JP4797096B2 - Stepping motor rotation angle detection device - Google Patents

Description

The present invention relates to a rotation angle detecting device for a stepping motor capable of detecting the rotation angle of a stepping motor with high accuracy by a rotary encoder.

  For example, a servo drive using a stepping motor is equipped with a stepping motor rotation angle detection device that detects the rotation angle of the motor with high accuracy. Conventionally, an optical rotary encoder is generally used. The rotary encoder includes a disk in which a plurality of slits are formed at equal intervals in the circumferential direction, and an optical sensor that detects light that passes / shields through the slit as the disk rotates and outputs it as a pulse train. A rotational displacement amount of the motor is converted into a pulse train of an electric signal while being connected to the shaft of the motor (for example, there is Patent Document 1).

JP 2003-284391 A

  However, when a high-resolution rotary encoder is used in conjunction with the high-resolution driving of the stepping motor, the slit interval is small, so that a detection error of the slit and a delay of the detection signal occur, and accordingly, advanced encoding processing is performed. It has been pointed out that there is a problem that it is necessary and incurs a large cost as a whole.

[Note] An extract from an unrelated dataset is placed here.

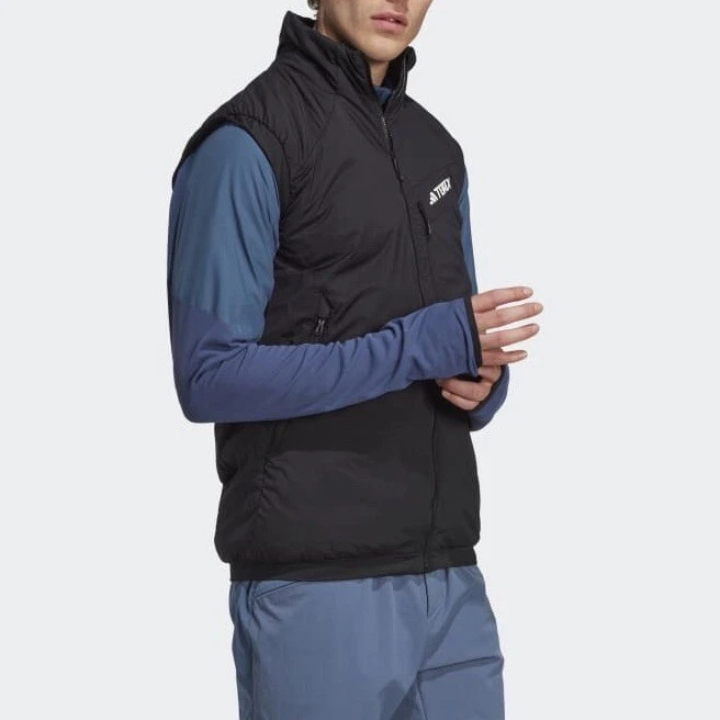 Elevate your outdoor adventures with the Adidas Terrex Techrock Stretch Primaloft Vest in black. This versatile vest is perfect for travel, casual wear, and workouts alike. The mid-length vest features a full zip closure, softshell fabric type, and a band collar style. With a slim fit and stretchy material, this vest is designed for comfort and mobility. It comes with a range of features including pockets, insulation, and a lightweight design. The Adidas Techrock model is a part of the TERREX product line and is ideal for outdoor activities such as hiking, hunting, and running.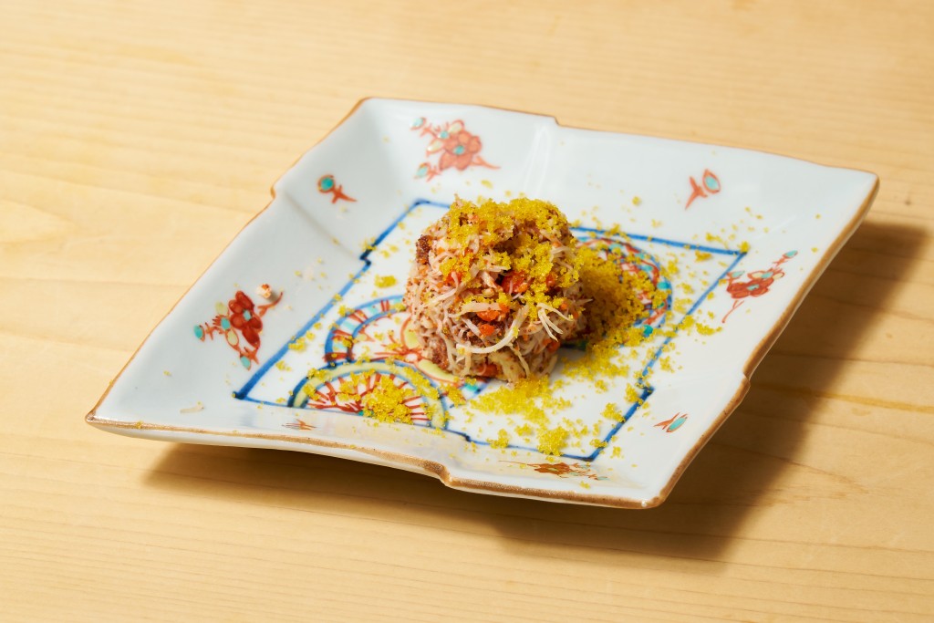 鮨. 齋藤的Omakase盛宴,由時令酒肴開始,明石產八爪魚經時慢煮,口感柔韌有勁,經醬油、黑糖及日本酒腌漬,引出海味。 另一道香箱蟹, 手拆蟹肉加入蟹籽及蟹膏,配上炙燒烏魚子,咸香鮮美,水份亦無過份流失,實屬水準之作。

  The present invention has been created under the above-described background, and its main object is to provide a rotation angle detection device for a stepping motor capable of achieving both high resolution and low cost. There is.

  In order to solve the above problems, the rotation angle detection device for a stepping motor of the present invention has a rotation angle (minimum step angle: n) of the stepping motor compared to a rotary encoder (angle resolution: m) connected to the motor. An encoder that counts encoder signals of a rotary encoder, an input pulse counter that counts input pulse signals for operating a stepping motor, and resets at the timing indicated by the encoder signals And an angle calculation output unit that calculates and outputs the rotation angle A (A = p · m + q · n) of the stepping motor based on the count value p of the counter and the count value q of the input pulse counter.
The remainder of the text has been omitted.